Spouse and Couple's Facts Not Separated in Descendant Narrative Report

I have complained a number of times that RM8’s descendant narrative reports do not go to a new line when transitioning between the first spouse’s facts and the couple’s facts. A workaround is to add a carriage return to the beginning of the sentence for the Marriage fact and probably for several other couple facts. To a certain extent, this problem is tied into my use of point form sentence templates.

But I have discovered that there is a similar problem using RM8’s default sentence templates. Namely, there is no blank at all between the first spouse’s facts and the couple’s facts. I have attached a screen capture that illustrates the problem.

“carriage return”–a quaint term in today’s world :wink: Brings back memories of the typing class I took in 8th grade.

Not really! Carriage return still exists even though we use computers. At least it does from a programming standpoint.

I guess that’s kind of my point. An analog throwback still used by digerati, many (most?) of whom probably never saw an actual carriage physically return to start the next line, or a finger “dial” a rotary phone. Except maybe in the movies.

Actually, a carriage return (ascii 13) returns the print position to the beginning of the current line and a line feed (ascii 10) moves the print position directly down to the next line without positioning to the start of the line.
mac and other unix systems may interpret them differently, I’m sure Rooty will chime in.

Modern Macs use LF just like Unix systems. Windows is stuck on CR/LF for some reason.

I’ll defer to the experts at this point. My one and only foray into programing was an intro college course 50+ years ago.

If you place a “carriage return” in an RM sentence template or in a note, you do so with the Enter key on a PC and I assume with a similar key on a Mac. What actually gets stored in the RM database is a two byte sequence, 0D0A in hex, 13,10 in decimal, Ctrl-M, Ctrl-J if that’s the way you want to think about it, or Carriage Return + Line Feed if that’s the way you want to think about it.

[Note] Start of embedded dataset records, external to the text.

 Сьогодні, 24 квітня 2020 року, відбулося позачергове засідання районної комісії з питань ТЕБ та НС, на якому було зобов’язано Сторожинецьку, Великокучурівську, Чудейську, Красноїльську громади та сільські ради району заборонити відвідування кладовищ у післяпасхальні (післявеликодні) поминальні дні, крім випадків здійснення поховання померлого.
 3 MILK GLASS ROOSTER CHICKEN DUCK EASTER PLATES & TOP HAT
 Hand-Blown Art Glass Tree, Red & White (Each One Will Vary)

That’s the Windows convention rather than the UNIX or Mac convention, but it’s hard to imagine that RM on a Mac would put characters into a sentence template or into a note differently than would RM on a PC. If it did, the same RM database could not work correctly on both a PC and a Mac without garbling your notes.

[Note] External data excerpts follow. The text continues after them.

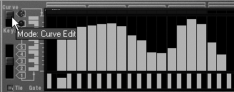 | The Curve is a step-increment parameter controller, meaning it changes at the rate of the current note value. For accenting brightness on a sequence of notes, the Curve can't be beat. However, for smooth knob movements, the Controller lane is better because you can turn off the grid to facilitate smooth changes. To sequence an instrument parameter using Curve 1. | Use the Curve/Keys switch to activate Curve mode in the Matrix (Figure 7.21).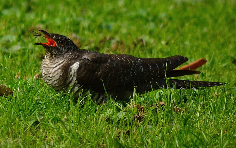 Deze jonge koekoek eet zijn buikje helemaal vol om straks met zijn ouders in het verre Afrika herenigd te worden...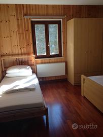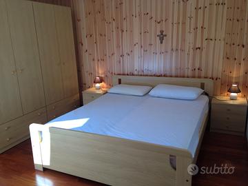 stanza da letto con pavimento in parquet pregiato, salone con angolo cottura, area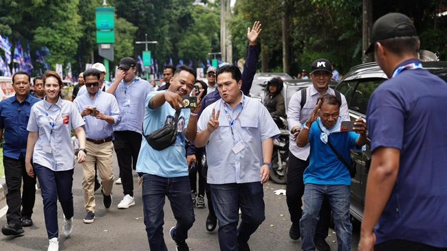 Erick yang mengenakan kemeja biru muda khas paslon Prabowo-Gibran tampak asyik berjalan kaki bersama masyarakat yang ingin menyaksikan Prabowo-Gibran. Tak ada jarak antara figur publik dengan massa pendukung, Erick tampak hangat menyapa dan berbincang dengan masyarakat yang telah datang lebih awal untuk bisa ikut kampanye akbar Prabowo-Gibran.

The hex 0D and 0A characters cannot appear in GEDCOM because they would be interpreted as the end of GEDCOM record. Rather, RM uses an appropriate combination of CONC and CONT tags to create the new line effect. Software importing GEDCOM is expected to reconstruct the carriage return + linefeed sequence from the CONC and CONT tags. Unfortunately, not all genealogy software creates and interprets the CONC and CONT tags in the same way, which sometimes can create bad spacing in notes that are transferred by GEDCOM.

The hex 0D and 0A codes are the old ASCII codes but they still work in UNICODE. RM’s database is UNICODE. In particular, RM’s database uses the UTF-8 encoding of UNICODE.